▶ [Records from a data source]

────────────────

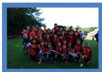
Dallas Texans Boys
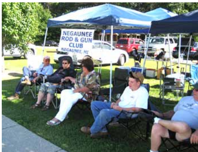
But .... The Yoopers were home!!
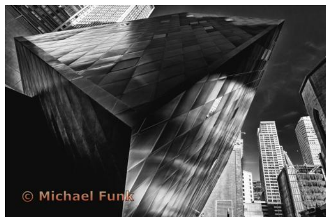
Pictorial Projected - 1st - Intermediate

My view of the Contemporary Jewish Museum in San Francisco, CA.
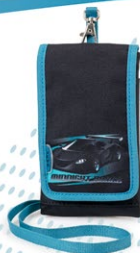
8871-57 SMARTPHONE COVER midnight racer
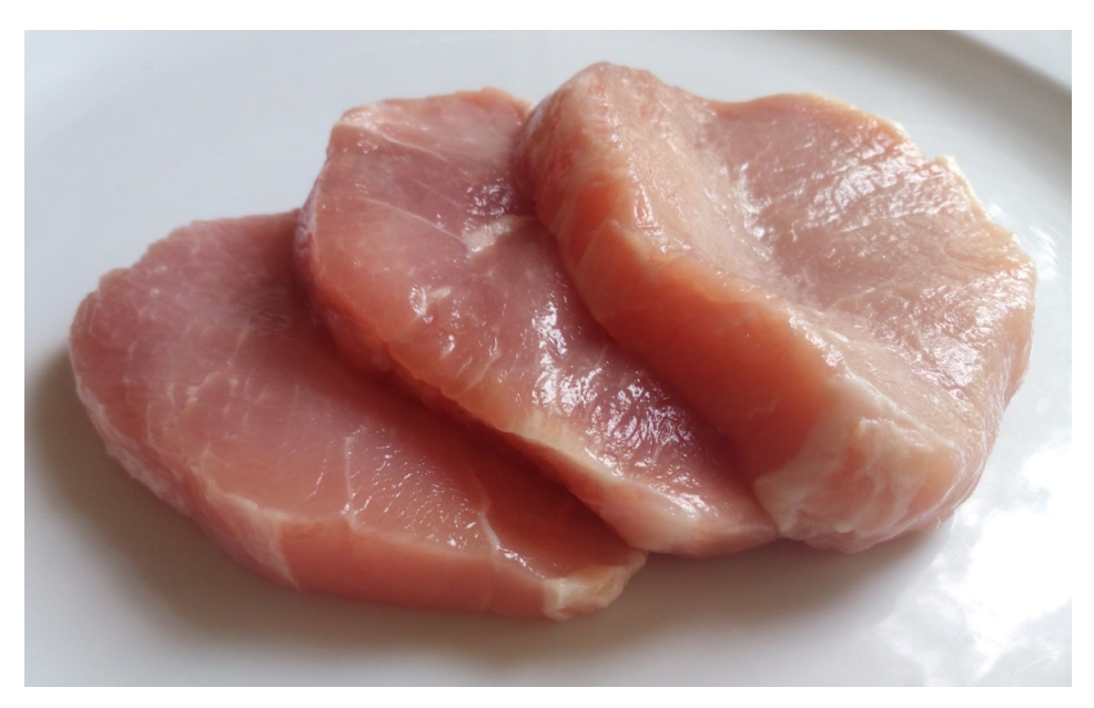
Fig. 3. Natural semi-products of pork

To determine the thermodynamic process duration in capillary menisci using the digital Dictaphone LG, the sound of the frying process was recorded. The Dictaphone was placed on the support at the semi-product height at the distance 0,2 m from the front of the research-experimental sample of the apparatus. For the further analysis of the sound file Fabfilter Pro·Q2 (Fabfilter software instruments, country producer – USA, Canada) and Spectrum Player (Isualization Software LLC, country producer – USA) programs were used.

────────────────

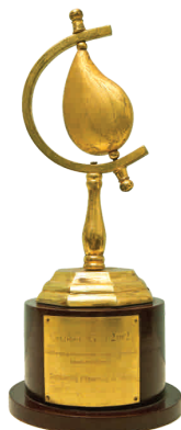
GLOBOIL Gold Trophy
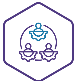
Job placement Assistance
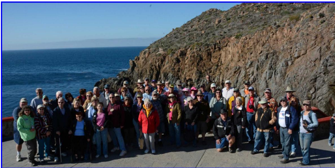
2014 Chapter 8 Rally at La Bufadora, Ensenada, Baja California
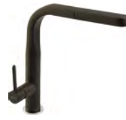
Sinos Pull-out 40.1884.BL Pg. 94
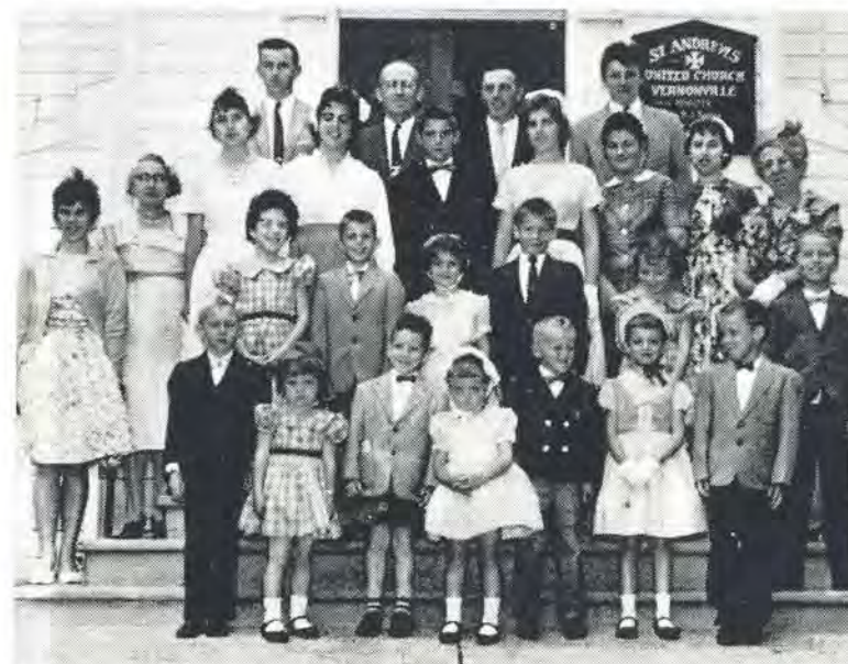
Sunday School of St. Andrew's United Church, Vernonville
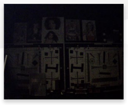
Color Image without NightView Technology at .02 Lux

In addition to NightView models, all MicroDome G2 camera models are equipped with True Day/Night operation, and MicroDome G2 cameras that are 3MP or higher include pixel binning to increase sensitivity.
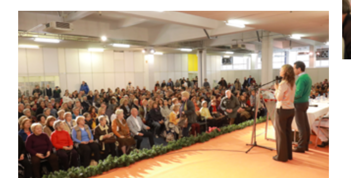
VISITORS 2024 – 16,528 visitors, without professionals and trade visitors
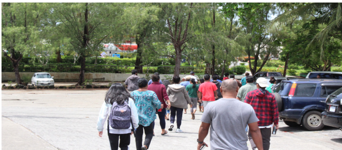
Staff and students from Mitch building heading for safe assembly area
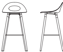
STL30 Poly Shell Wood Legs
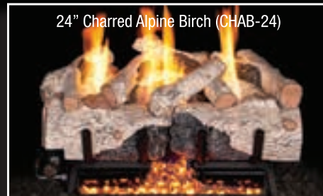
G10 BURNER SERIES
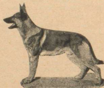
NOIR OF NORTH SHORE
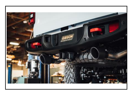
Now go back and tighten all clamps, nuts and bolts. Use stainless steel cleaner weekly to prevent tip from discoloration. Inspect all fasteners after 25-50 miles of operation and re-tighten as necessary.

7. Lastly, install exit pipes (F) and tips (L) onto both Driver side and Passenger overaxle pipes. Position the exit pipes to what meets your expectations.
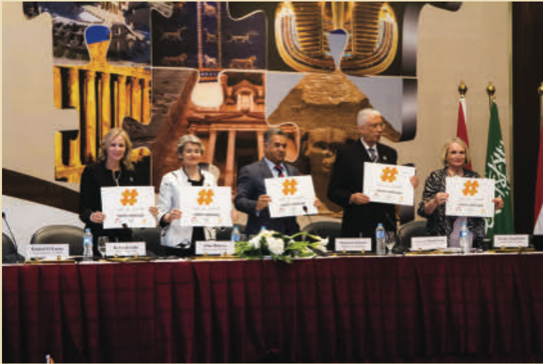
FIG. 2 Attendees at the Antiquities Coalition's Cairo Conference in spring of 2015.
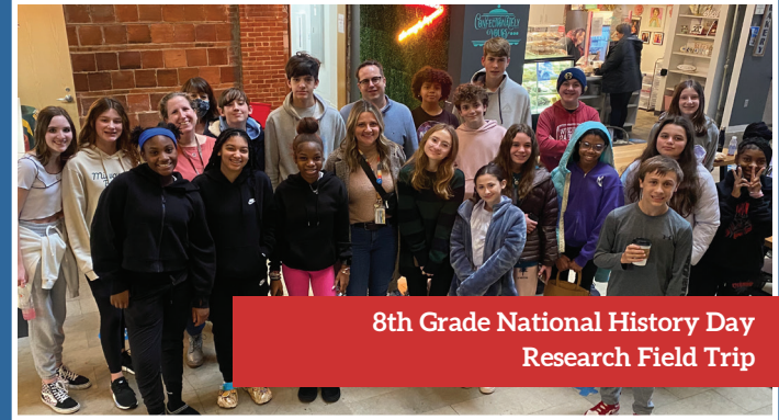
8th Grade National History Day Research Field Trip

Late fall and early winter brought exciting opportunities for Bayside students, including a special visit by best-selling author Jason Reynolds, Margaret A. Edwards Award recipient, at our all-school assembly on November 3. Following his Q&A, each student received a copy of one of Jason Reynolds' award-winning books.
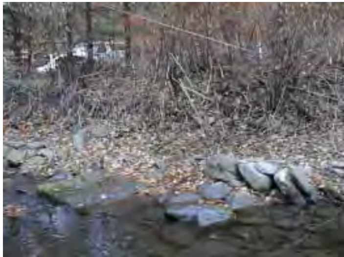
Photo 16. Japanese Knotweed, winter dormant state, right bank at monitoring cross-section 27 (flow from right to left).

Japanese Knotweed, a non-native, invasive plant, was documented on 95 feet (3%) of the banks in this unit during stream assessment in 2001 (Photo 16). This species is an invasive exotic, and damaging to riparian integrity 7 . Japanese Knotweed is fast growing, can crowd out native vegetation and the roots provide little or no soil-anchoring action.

────────────────

▶ [Instructions to follow] From the data above, return exactly the lines from the one with "Dallas Texans Boys" up to and including the one with "To determine the". Pictures do not go in the copy.

▶ [Response to this exercise]
Dallas Texans Boys
But .... The Yoopers were home!!
Pictorial Projected - 1st - Intermediate

My view of the Contemporary Jewish Museum in San Francisco, CA.
8871-57 SMARTPHONE COVER midnight racer
Fig. 3. Natural semi-products of pork

To determine the thermodynamic process duration in capillary menisci using the digital Dictaphone LG, the sound of the frying process was recorded. The Dictaphone was placed on the support at the semi-product height at the distance 0,2 m from the front of the research-experimental sample of the apparatus. For the further analysis of the sound file Fabfilter Pro·Q2 (Fabfilter software instruments, country producer – USA, Canada) and Spectrum Player (Isualization Software LLC, country producer – USA) programs were used.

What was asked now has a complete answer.